What’s in a golf ball?

Photo from Golfballs.com

What would golf be without golf balls? Obviously golf balls are one of the most important aspects of playing the game, and for some of us, the most expensive. But when we launch one into someone’s backyard or a creek, what exactly are we losing?

There are primarily two types of golf balls that manufacturers produce and they are defined by their covers, Surlyn or Ionomer, and Urethane.

Surlyn/Ionomer Golf Balls

Photo From Golf Info Guide


Surlyn is a specific type of Ionomer polymer and was created by the company DuPoint. They have very similar characteristics, so for ease I will refer to them generally as Ionomers. Ionomers are the slightly harder and more durable outer layer. This harder layer will make it feel stiffer when hitting and it will go farther with less spin than a ball with a Urethane cover. If you are someone who struggles with spin, then Surlyn will mitigate that issue. Another pro is that Ionomers are more durable and cheaper, so if you are someone who is worried about the longevity of your golf balls, then Ionomers will outlast Urethane balls.

Urethane Golf Balls

Photo From Golf Info Guide


Urethane is the material that is usually used by the Pros. Every expensive, high-end ball is most likely made with Urethane. They are fantastic due to their superior spin and control when hitting, so for someone who is capable of controlling their shot and wants a softer feel, Urethane has a clear advantage. Perhaps the biggest cons are their increased price and less durability, although for the average golfer it is unlikely the golf ball won’t be retired by anything other than a poor shot.
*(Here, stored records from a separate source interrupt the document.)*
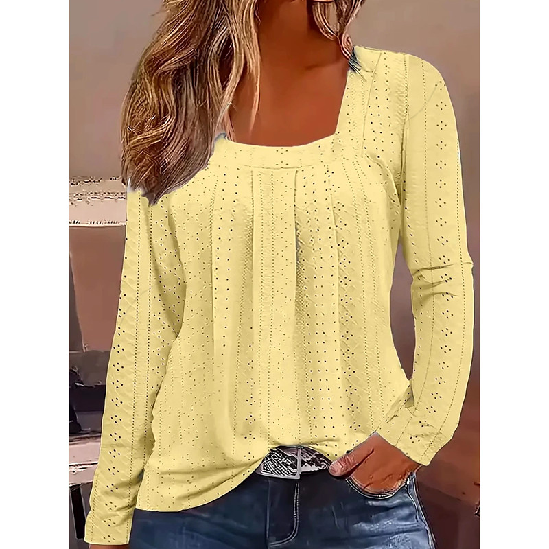 Women's Shirt Lace Shirt Solid Color Graphic Plain Elegant Vintage Stylish Long Sleeve Square Neck Regular Tops Daily Going out Vacation Wear Print White Yellow Rose Pink Light Blue Spring Fall
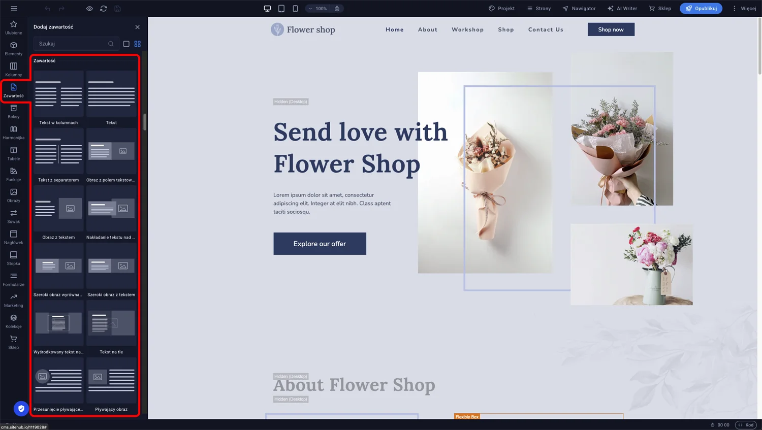 Aby dodać kafelek z treścią kliknij na ikonę Zawartość w lewym panelu bocznym. Wyświetlone zostaną dostępne układy do wyboru. Teraz wystarczy przeciągnąć wybrany element na żądane miejsce na stronie.
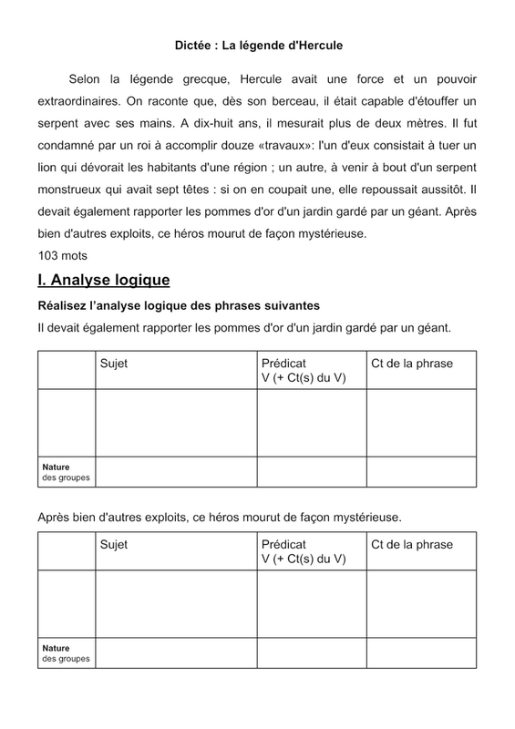 Dictée : La légende d'Hercule Selon la légende grecque, Hercule avait une force et un pouvoir extraordinaires. On raconte que, dès son berceau, il était capable d'étouffer un serpent avec ses mains. A dix-huit ans, il mesurait plus de deux mètres. Il fut condamné par un roi à accomplir douze «t...

The Insides Of A Golf Ball

Photo by James Friedman


The Insides of golf balls are very specific from ball to ball, but they have some very common aspects. They are composed of a hard rubber center surrounded by a number of hard layers. The more layers the harder the ball will be to compress, and most companies state the number of layers with the maximum usually being five, although most balls are less. The specifics of each layer vary and so do their properties, but combined they amount to varying feels and spins.

What should beginners know about the inside of a golf ball?

If you are a beginning golfer it is probably best to start out with a Ionomer/Surlyn cover ball for a few reasons. The biggest being price, the early days of golfing include many lost balls, and there is less pain when each lost ball is $2 as opposed to $4. Secondly, you probably are not able to control the spin, so having a ball that will fly pretty straight off the face is a major plus until you can start controlling it more. Once you have more experience and are invested into golf, it may be time to switch to Urethane. You probably are losing fewer balls, and have a little more control of the ball. However the best way to figure out what works for you is just trying different styles and brands of balls. Most stores sell individual sleeves of balls so you can try three balls without being committed to a dozen at a much higher cost. The best way to improve is by finding the right ball for you, so experiment and good luck!